冬に鳴く蝉

橋本洋一

第1話蝶次郎と瀬美の出会い

蝶次郎ちょうじろう。武士であるならば逃げてはいけませんよ」


 青葉蝶次郎あおばちょうじろうの姉、さなぎは事あるごとに弟へと言い聞かせていた。

 武士は決して逃げてはならぬ。

 士道不覚悟であるならば、いっそのこと死んだほうがいい。

 それは子供への教育としては苛烈なものだったけど。

 武士としては極めて普通な教育だった。


「逃げてしまったら、自分の何かを失ってしまいます」


 幼かった蝶次郎は、その何かの正体を知りたがった。

 失うことの恐怖はあったけど、それ以上に好奇心があった。


「知る必要はありません。逃げなければ良いのですから」


 姉はそうはぐらかして教えてくれなかった。

 ひょっとしたら、姉は逃げない人だったから、彼女自身知らなかったのだと、後に蝶次郎は思うようになった。

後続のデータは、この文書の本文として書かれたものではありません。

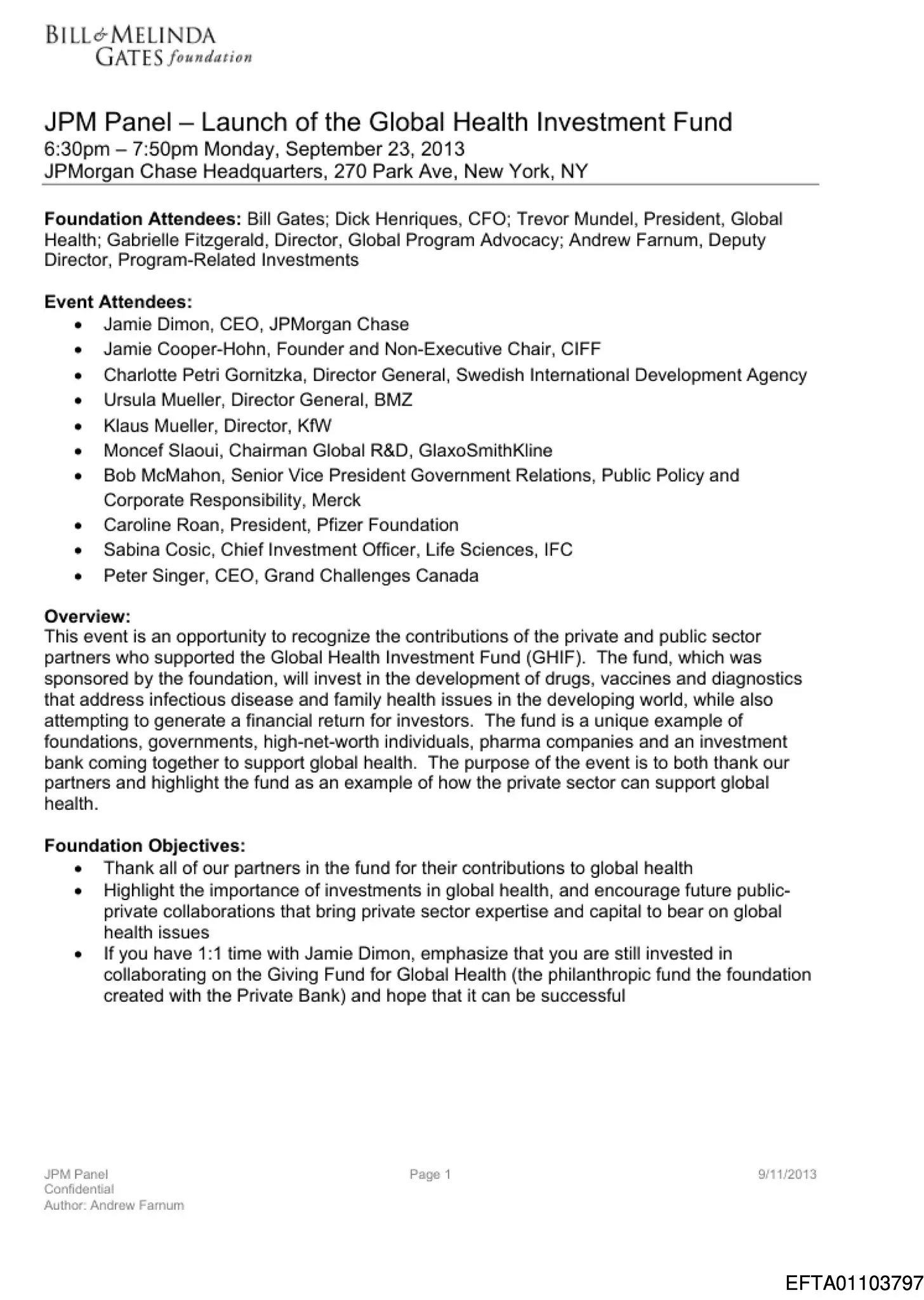 Ein vertrauliches, 15-seitiges Briefing, das für ein von JPMorgan ausgerichtetes Panel am 23. September 2013 erstellt wurde, beschreibt den Global Health Investment Fund als «the first investment fund focused on global health drug and vaccine development» („Der erste Investmentfonds, der sich auf die Entwicklung von Arzneimitteln und Impfstoffen für die globale Gesundheit konzentriert“).

 だから――知らないことを教えることができなかったのだ。


「逃げずに戦い続けなさい」


 さなぎはいつも、説教の最後をそう締めくくるのだけれど、蝶次郎は子供の頃から、大人になった今でも分からない。

 武士となって生きる今となっても、分からない。

 太平の世であるのに、誰と戦えば良いのか、誰を守れば良いのか、分からなかったのだ――



◆◇◆◇



「青葉! 青葉はおるか!」


 東北地方にある小さな藩――天道藩てんどうはんの城、姫虫城ひめむしじょう

 勘定方の上役、吉瀬鍬之介きちせくわのすけの怒鳴り声に、うたた寝をしていた蝶次郎は飛び上がって目覚めた。やや遅れて鍬之介が、蝶次郎の仕事部屋に入ってきたので、居眠りをしていたことには気づかれなかった。


「なんだ。おるではないか。きちんと返事せい!」

「申し訳ございませぬ!」

「今日中にせよと申し付けた仕事は片付いたのか!」


 蝶次郎は慌てて「こ、こちらにございます!」と帳面を差し出した。

 とある村の年貢の管理を記したものである。

 鍬之介は引っ手繰って帳面を確認する。


「……できておるのなら、さっさと提出せぬか! 今日中と言ったが、とっくに期限は過ぎておるのだぞ!」

「す、すみませぬ……」


 既に老境に達しているのに、鍬之介の迫力はすさまじかった。

 噂によるとあの『二十年前の物の怪』を仕留めた面々の一人に入っているらしい。ということは剣の腕も確かだ。


「まったく。最近の若者はこれだから……」

「あのう……そろそろ刻限なので、帰ります」


 説教が長くなると思った蝶次郎はその場から逃走を図る。

 手早く自分の荷物をまとめると部屋から出て行こうとした――肩を掴まれる。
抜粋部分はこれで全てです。